BEGIN
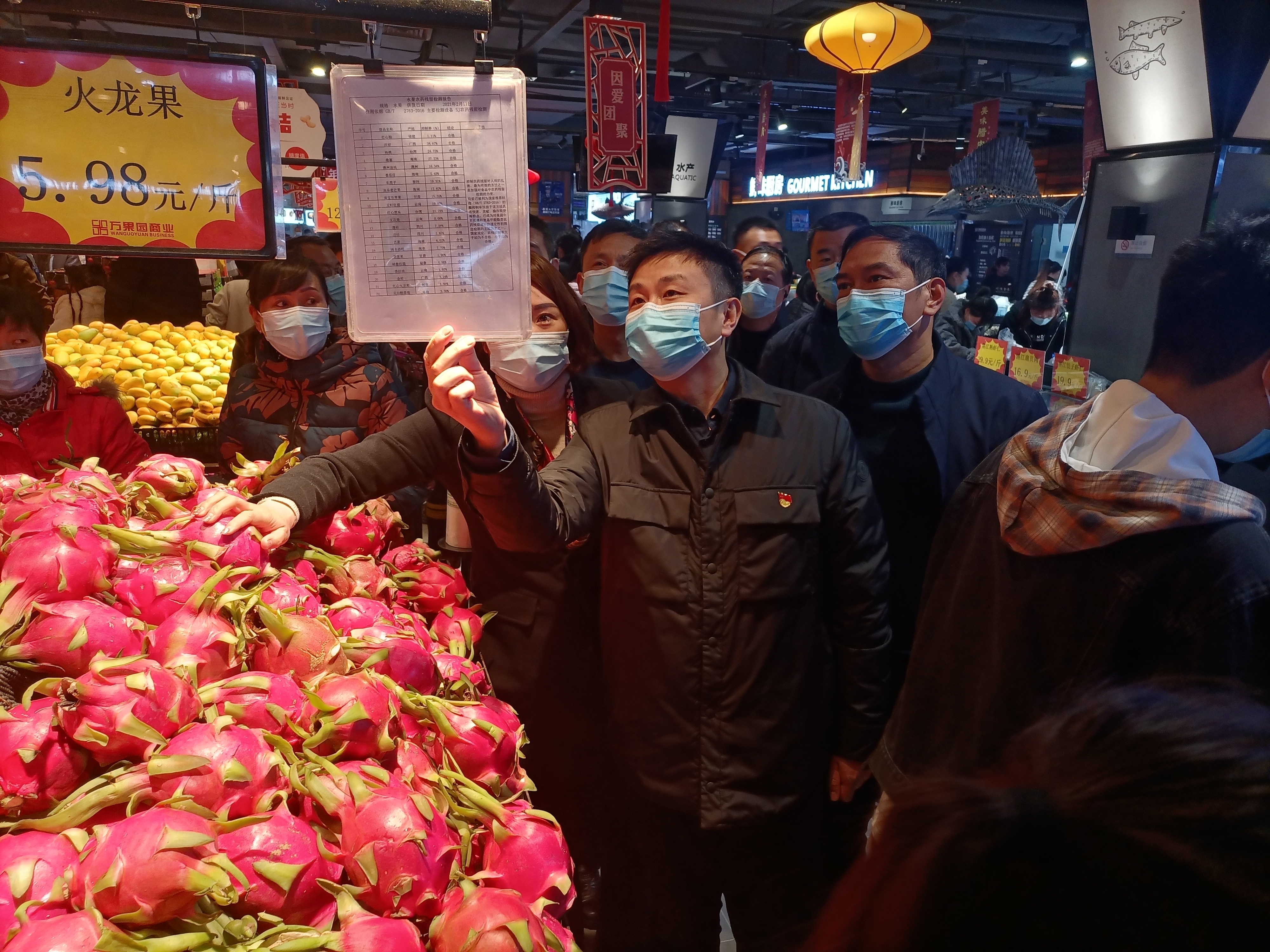 李湛一行還走進(jìn)萬(wàn)果園量販五一廣場(chǎng)店,詳細(xì)了解疫情防控、安全管理、市場(chǎng)經(jīng)營(yíng)及供應(yīng)情況。他指出,要統(tǒng)籌做好疫情防控、安全生產(chǎn)和市場(chǎng)供應(yīng)工作,嚴(yán)把進(jìn)貨關(guān)囗,保障節(jié)日供應(yīng),全力保證消防安全,有效遏制各類安全事故的發(fā)生,讓群眾放心、安全購(gòu)物消費(fèi)。
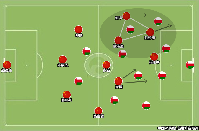 (图)阿曼的阵地进攻以边路传中结合抢二点为主,也会尝试肋部直塞身后。国足的防守体系不够严谨,张琳芃和徐新等人的经验就显得非常重要。
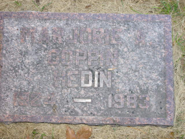 | HEDIN (COPPIN), Marjorie A.(Dau. of Fred & Lydia) | 1924/--/-- | 1983/--/-- | Photo | // | * | // |
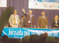 La Jornada había comenzado a primera hora de la mañana. Habían hablado el ministro de Planificación, Julio De Vido, el piquetero Luis D’Elía, el titular de la CGE, Marcelo Fernández, y Bernardo Kliksberg, asesor de Naciones Unidas y la Unesco. Pero el plato fuerte era la presencia de Kirchner. “Yo sé que a algunos les molestan algunas cosas. Prefieren verme de cóctel en cóctel en lugar de venirme a abrazar con ustedes”, comenzó el Presidente, luego de saludar y escuchar durante varios minutos los cánticos de la gente.
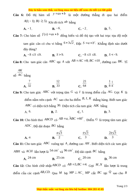 Câu 7: Cho hàm số f (x) ax b đồng bi n ế và đồ thị t o ạ v i ớ hai tr c ụ t a ọ độ m t ộ tam giác cân có chu vi b ng ằ 6 3 2 . Đ t ặ 2
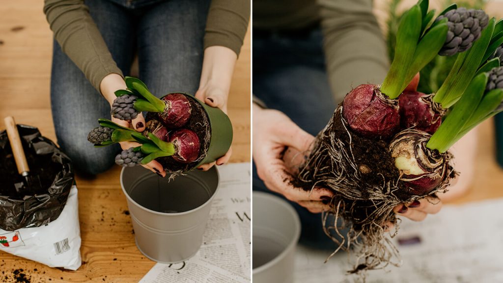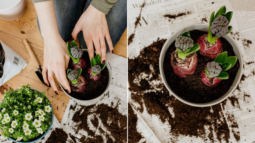 Πιέστε ελαφρά το χώμα προς τα κάτω, ώστε τα φυτά να παραμείνουν σταθερά! Συμπληρώστε χώμα πάνω από το φυτό έτσι ώστε να τροφοδοτείται από όλες τις πλευρές και από πάνω. Στην περίπτωση των υάκινθων ή των νάρκισσων, ωστόσο, οι βολβοί δεν πρέπει να καλύπτονται πλήρως αλλά να μένει ο μισός βολβός ελεύθερος από χώμα. Πιέστε ελαφρά με τα δάχτυλα, ώστε τα φυτά και τα λουλούδια να έχουν ασφαλή βάση και να μην κρεμούν και να λυγίζουν ακόμη και σε άνεμο.
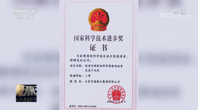 而获得国家科技进步二等奖的京海黄鸡,是目前我国唯一通过国家审定,具有自主知识产权的肉鸡新品种,已在全国推广2.69亿只。
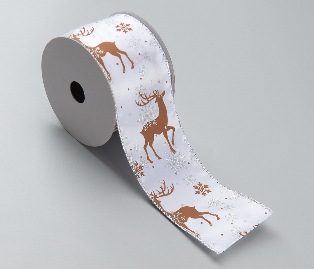 Лента новогодняя декоративная Рождественские олени 6,3*10 ярд, 1 шт., белый/серебро/золото
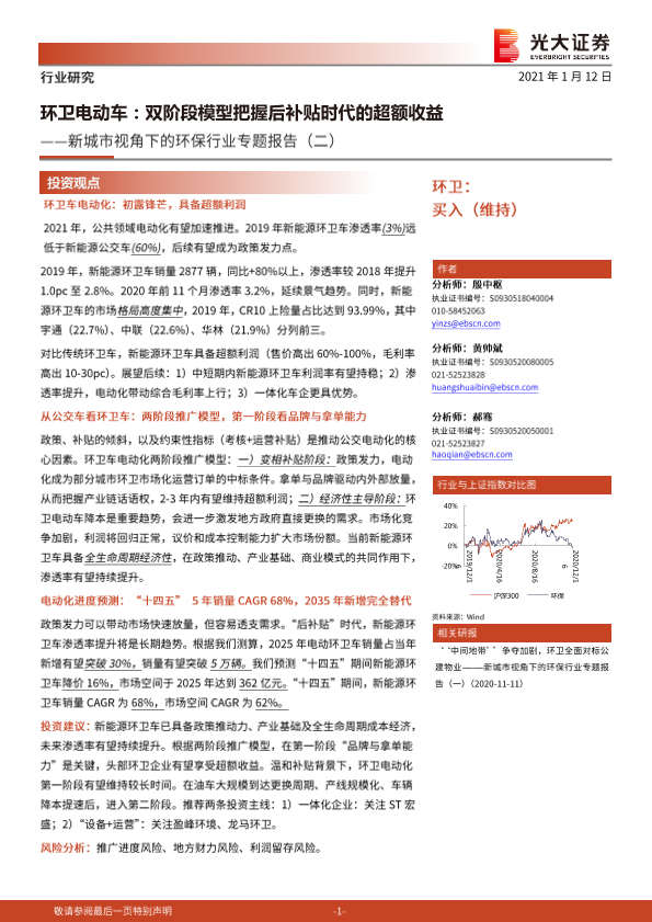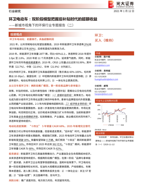 【光大证券】【20210112】新城市视角下的环保行业专题报告(二):环卫电动车:双阶段模型把握后补贴时代的超额收益-30页
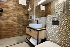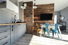 Sam apartament wykończony został dobrej jakości materiałami wykończeniowymi. Na podłodze panele winylowe, zabudowa kuchni pod wymiar a w łazience wysokiej jakości gres.
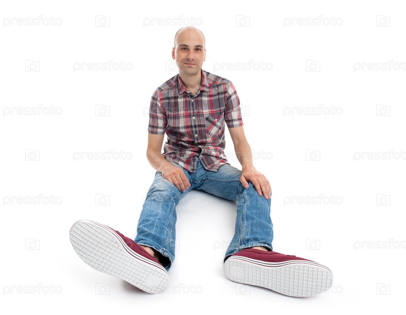 Мужчина в повседневной одежде сидит на полу
END
- _What is required_:
Restate the material above word for word, so that nothing changes except that the pictures are gone.

- _Written answer_:
 李湛一行還走進(jìn)萬(wàn)果園量販五一廣場(chǎng)店,詳細(xì)了解疫情防控、安全管理、市場(chǎng)經(jīng)營(yíng)及供應(yīng)情況。他指出,要統(tǒng)籌做好疫情防控、安全生產(chǎn)和市場(chǎng)供應(yīng)工作,嚴(yán)把進(jìn)貨關(guān)囗,保障節(jié)日供應(yīng),全力保證消防安全,有效遏制各類安全事故的發(fā)生,讓群眾放心、安全購(gòu)物消費(fèi)。
 (图)阿曼的阵地进攻以边路传中结合抢二点为主,也会尝试肋部直塞身后。国足的防守体系不够严谨,张琳芃和徐新等人的经验就显得非常重要。
 | HEDIN (COPPIN), Marjorie A.(Dau. of Fred & Lydia) | 1924/--/-- | 1983/--/-- | Photo | // | * | // |
 La Jornada había comenzado a primera hora de la mañana. Habían hablado el ministro de Planificación, Julio De Vido, el piquetero Luis D’Elía, el titular de la CGE, Marcelo Fernández, y Bernardo Kliksberg, asesor de Naciones Unidas y la Unesco. Pero el plato fuerte era la presencia de Kirchner. “Yo sé que a algunos les molestan algunas cosas. Prefieren verme de cóctel en cóctel en lugar de venirme a abrazar con ustedes”, comenzó el Presidente, luego de saludar y escuchar durante varios minutos los cánticos de la gente.
 Câu 7: Cho hàm số f (x) ax b đồng bi n ế và đồ thị t o ạ v i ớ hai tr c ụ t a ọ độ m t ộ tam giác cân có chu vi b ng ằ 6 3 2 . Đ t ặ 2
 Πιέστε ελαφρά το χώμα προς τα κάτω, ώστε τα φυτά να παραμείνουν σταθερά! Συμπληρώστε χώμα πάνω από το φυτό έτσι ώστε να τροφοδοτείται από όλες τις πλευρές και από πάνω. Στην περίπτωση των υάκινθων ή των νάρκισσων, ωστόσο, οι βολβοί δεν πρέπει να καλύπτονται πλήρως αλλά να μένει ο μισός βολβός ελεύθερος από χώμα. Πιέστε ελαφρά με τα δάχτυλα, ώστε τα φυτά και τα λουλούδια να έχουν ασφαλή βάση και να μην κρεμούν και να λυγίζουν ακόμη και σε άνεμο.
 而获得国家科技进步二等奖的京海黄鸡,是目前我国唯一通过国家审定,具有自主知识产权的肉鸡新品种,已在全国推广2.69亿只。
 Лента новогодняя декоративная Рождественские олени 6,3*10 ярд, 1 шт., белый/серебро/золото
 【光大证券】【20210112】新城市视角下的环保行业专题报告(二):环卫电动车:双阶段模型把握后补贴时代的超额收益-30页
 Sam apartament wykończony został dobrej jakości materiałami wykończeniowymi. Na podłodze panele winylowe, zabudowa kuchni pod wymiar a w łazience wysokiej jakości gres.
 Мужчина в повседневной одежде сидит на полу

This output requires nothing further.